A hash table is a specific type of structure which supports two primary methods:

Technical Diversion: Conceptually, for a directory with names and telephone numbers, a hash table might store information in a large array-like structure, such as the following:

As suggested by the figure, the idea of a hash table is to spread the relevant directory entries throughout the array. The particular placement of an item is determined by some function, called a hash function. In practice, many such functions have been investigated.

(Aside: In the diagram, the function used computes the distance between the first letter of the first name and the first letter of the last name. To fit into the 13 spaces in the array, the distance then is taken modulo 13. For "Arnold Adelberg", the first and last names begin with the same letter, the distance between these letters is 0, and the entry for "Arnold Adelberg" is found by looking at position 0 in the array.

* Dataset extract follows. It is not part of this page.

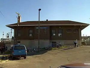 Western Avenue is the name of a railroad station owned by Metra, located in the West Town community area[2] of Chicago, Illinois near Western Avenue. The station is 2.9 miles (4.7 km) away from Union Station, the inbound terminus of the line.[3] Western Avenue station serves the Milwaukee District West Line, North Central Service, and Milwaukee District North Line, and is the last inbound stop for these three lines before the terminus at Union Station. Although it is not a station stop, Amtrak Hiawatha Service trains and the Empire Builder also pass through here. The station was previously used by the Chicago, Milwaukee, St. Paul and Pacific Railroad. Located near the station are the California Coach Yard, and the Western Avenue Rail Yard, the latter of which host to Metra's final EMD F40Cs. Just southeast of the station platforms is a diamond where the Milwaukee Road Metra routes cross the tracks of the Union Pacific West Line to Ogilvie Transportation Center, then turn to run parallel to them. This goes on for about a mile before they split, as the West Line tracks continue to Ogilvie. The junction is controlled by the nearby A-2 tower.
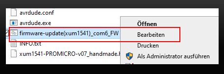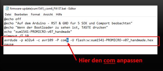 Mit dem Editor die firmware-update(xum1541)_com6_FW 07.bat bearbeiten

For "Henry Walker", the letter H is 15 letters away from W. Taking this distance modulo 13 gives the remainder 2, so "Henry Walker" appears in the table by searching from position 2.)

Given a hash function, storage and retrieval from a hash table has two main steps. The hash function indicates where to start in the table. Searching begins from the specified place and continues until the item is found or the end of relevant data is reached. If the hash function spreads data out over a large array, then one can show that typical storage and retrieval operations are extremely fast and efficient.

Specific details of hash tables require considerable analysis of potential hashing functions, use of arrays, and maintenance of structures based on those arrays. With time in this course limited, such work is beyond the scope of this course.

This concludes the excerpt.